Descargar como docx, pdf o txt
Descargar como docx, pdf o txt
Está en la página 1de 2

Viaje al Río de la Plata, de Ulrich Schmidel (1535) – FRAGMENTO

VII

Allí levantamos una ciudad que se llamó Buenos Aires: esto quiere decir buen viento. También traíamos
de España, sobre nuestros buques, setenta y dos caballos y yeguas, que así llegaron a dicha ciudad de
Buenos Aires. Allí, sobre esa tierra, hemos encontrado unos indios que se llaman Querandís, unos tres
mil hombres con sus mujeres e hijos; y nos trajeron pescados y carne para que comiéramos. También
estas mujeres llevan un pequeño paño de algodón cubriendo sus vergüenzas. Estos Querandís no tienen
paradero propio en el país sino que vagan por la comarca, al igual que hacen los gitanos en nuestro país.
Cuando estos indios Querandís van tierra adentro, durante el verano, sucede que muchas veces
encuentran seco el país en treinta leguas a la redonda y no encuentran agua alguna para beber; y
cuando cogen a flechazos un venado u otro animal salvaje, juntan la sangre y se la beben. También en
algunos casos buscan una raíz que llaman cardo, y entonces la comen por la sed.

Cuando los dichos Querandís están por morirse de sed y no encuentran agua en el lugar, sólo entonces
beben esa sangre. Si acaso alguien piensa que la beben diariamente, se equivoca: esto no lo hacen y
así lo dejo dicho en forma clara.

Los susodichos Querandís nos trajeron alimentos diariamente a nuestro campamento, durante catorce
días, y compartieron con nosotros su escasez en pescado y carne, y solamente un día dejaron de venir.
Entonces nuestro capitán don Pedro Mendoza envió enseguida un alcalde de nombre Juan Pavón, y con
él dos soldados, al lugar donde estaban los indios, que quedaba a unas cuatro leguas de nuestro
campamento. Cuando llegaron donde aquellos estaban, el alcalde y los soldados se condujeron de tal
modo que los indios los molieron a palos y después los dejaron volver a nuestro campamento. Cuando
dicho alcalde volvió a campamento, tanto dijo y tanto hizo, que el capitán don Pedro Mendoza envió a su
hermano carnal don Jorge Mendoza con trescientos lansquenetes y treinta jinetes bien pertrechados; yo
estuve en ese asunto. Dispuso y mandó nuestro capitán general don Pedro Mendoza que su hermano
don Diego Mendoza, juntamente con nosotros, matara, destruyera y cautivara a los nombrados
Querandís, ocupando el lugar donde éstos estaban. Cuando allí llegamos, los indios eran unos cuatro
mil, pues habían convocado a sus amigos. Y cuando quisimos atacarlos, se defendieron de tal manera
que nos dieron bastante que hacer; mataron a nuestro capitán don Diego Mendoza y a seis caballeros;
también mataron a flechazos alrededor de veinte soldados de infantería. Pero del lado de los indios
murieron como mil hombres, más bien más que menos. Los indios se defendieron muy valientemente
contra nosotros, como bien lo experimentamos en propia carne.

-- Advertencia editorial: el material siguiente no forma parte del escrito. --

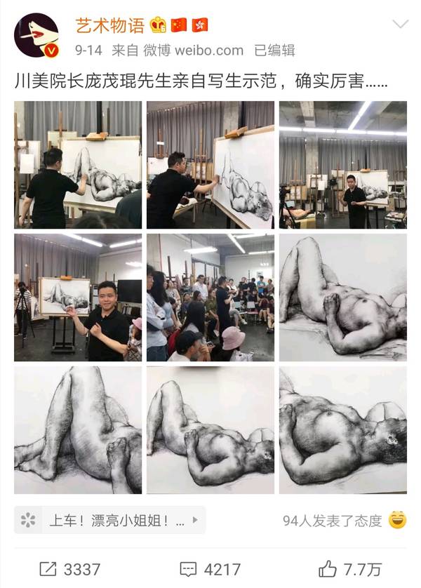 近日有个微博上的艺术账号上传了一组大学美术课堂的教学图片,图中有正在上课的师生,也有教师画的人体图,并配文:“川美院长庞茂琨先生亲自写生示范,确实厉害”。但是和这组图一起火了的还有下面的一些评论,有人认为应该盖住裸露的部分,在互联网上传播不好;有的人开始质疑美术教育是否一定要画裸体。支持者和反对者让这件事的热度越来越高,这是让人始料未及的。9月17日,有媒体报道,照片里的当事人,四川美术学院院长庞茂琨回应称人体写生很正常,对部分网友的心态感到不可思议。

Dichos Querandís usan, como armas, arcos y flechas; éstas son como medias lanzas, que en la punta
delantera tienen un filo de pedernal. También usan una bola de piedra, sujeta a un largo cordel, como las
plomadas que usamos en Alemania. Arrojan esta bola alrededor de las patas de un caballo o de un
venado, de tal modo que éste debe caer; con esa bola he visto dar muerte a nuestro referido capitán y a
los hidalgos: lo he visto con mis propios ojos. A los de a pie los mataron con los aludidos dardos.

Allí se levantó una ciudad con una casa fuerte para nuestro capitán don Pedro Mendoza, y un muro de
tierra en torno a la ciudad, de una altura como la que puede alcanzar un hombre con una espada en la
mano. Este muro era de tres pies de ancho y lo que hoy se levantaba, mañana se venía de nuevo al
suelo; además la gente no tenía qué comer y se moría de hambre y padecía gran escasez, al extremo
que los caballos no podían utilizarse.

Fue tal la pena y el desastre del hambre que no bastaron ni ratas ni ratones, víboras ni otras sabandijas;
hasta los zapatos y cueros, todo tuvo que ser comido. Sucedió que tres españoles robaron un caballo y
se lo comieron a escondidas; y así que esto se supo, se les prendió y se les dio tormento para que
confesaran. Entonces se pronunció la sentencia de que se ajusticiara a los tres españoles y se los
colgara de una horca. Así se cumplió y se les ahorcó. Ni bien se los había ajusticiado, y se hizo la noche
y cada uno se fue a su casa, algunos otros españoles cortaron los muslos y otros pedazos del cuerpo de
los ahorcados, se los llevaron a sus casas y allí los comieron. También ocurrió entonces que un español
se comió a su propio hermano que había muerto. Esto sucedió en el año 1535, en el día de Corpus
Christi, en la referida ciudad de Buenos Aires.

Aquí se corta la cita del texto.